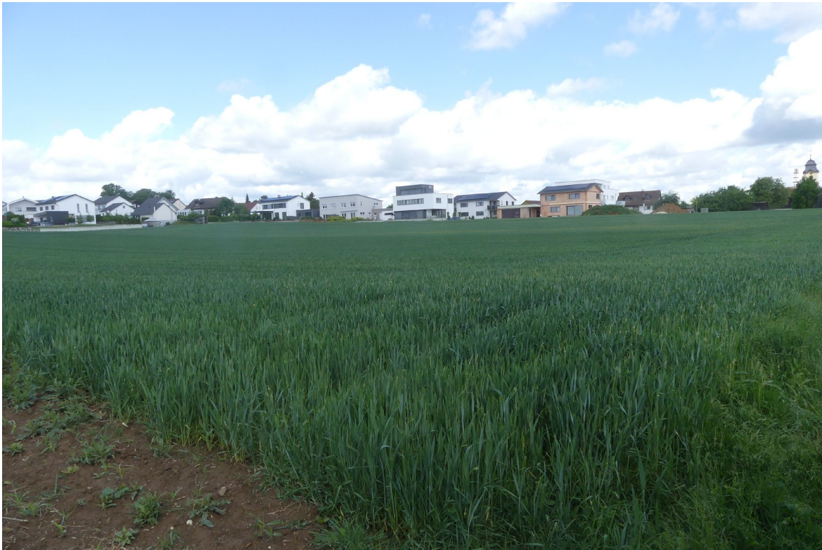
Abbildung 2: Blick auf den Acker (25.5.2022), der zum Wohngebiet entwickelt werden soll und im Hintergrund das bereits bestehende Wohngebiet.
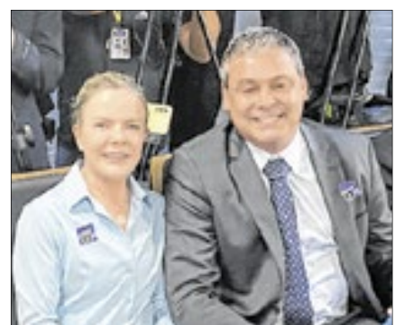
O casal e deputados petistas Gleisi Hoffmann e Lindbergh Farias

Em seu discurso de posse, Vital do Rêgo enfatizou os avanços realizados pelo Tribunal nos últimos anos e reafirmou seu compromisso com a excelência do controle externo. O exercício do mandato dos dois cargos se inicia a partir de 1º de janeiro de 2025, com a possibilidade de reeleição por igual período.
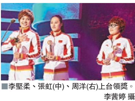
李堅柔、張虹(中)、周洋(右)上台領獎。

在2014年索契冬奧會上,中國代表團收穫了3枚金牌、4枚銀牌和2枚銅牌,位居獎牌榜第12位,仍然保持在冬奧會的第二集團,穩固了在冬奧會競爭格局中的地位。李堅柔在短道速滑女子500米決賽中為中國代表團贏得首枚金牌,讓中國隊實現了該項目冬奧會「四連冠」的壯舉;張虹獲得速度滑冰女子1,000米金牌,實現中國在冬奧會基礎大項金牌「零的突破」;周洋獲得短道速滑女子1,500米冠軍,為中國隊奪得索契第三金,也成為冬奧會歷史上成功衛冕該項目的第一人。
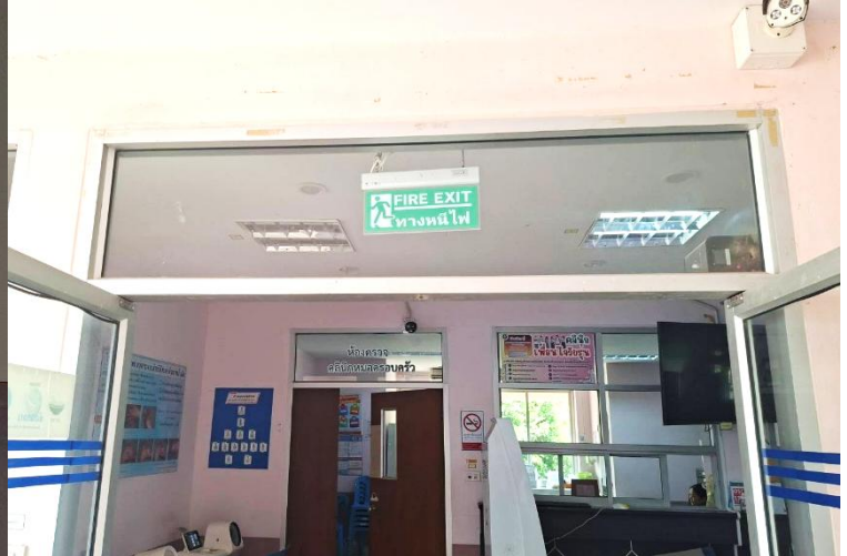
ป้ายทางหนีไฟในหน่วยงาน

- What is needed: Nothing but the lines from the one that holds "O casal e deputados" through the end of the data should appear, written out exactly, without pictures.

- Response below:
O casal e deputados petistas Gleisi Hoffmann e Lindbergh Farias

Em seu discurso de posse, Vital do Rêgo enfatizou os avanços realizados pelo Tribunal nos últimos anos e reafirmou seu compromisso com a excelência do controle externo. O exercício do mandato dos dois cargos se inicia a partir de 1º de janeiro de 2025, com a possibilidade de reeleição por igual período.
李堅柔、張虹(中)、周洋(右)上台領獎。

在2014年索契冬奧會上,中國代表團收穫了3枚金牌、4枚銀牌和2枚銅牌,位居獎牌榜第12位,仍然保持在冬奧會的第二集團,穩固了在冬奧會競爭格局中的地位。李堅柔在短道速滑女子500米決賽中為中國代表團贏得首枚金牌,讓中國隊實現了該項目冬奧會「四連冠」的壯舉;張虹獲得速度滑冰女子1,000米金牌,實現中國在冬奧會基礎大項金牌「零的突破」;周洋獲得短道速滑女子1,500米冠軍,為中國隊奪得索契第三金,也成為冬奧會歷史上成功衛冕該項目的第一人。
ป้ายทางหนีไฟในหน่วยงาน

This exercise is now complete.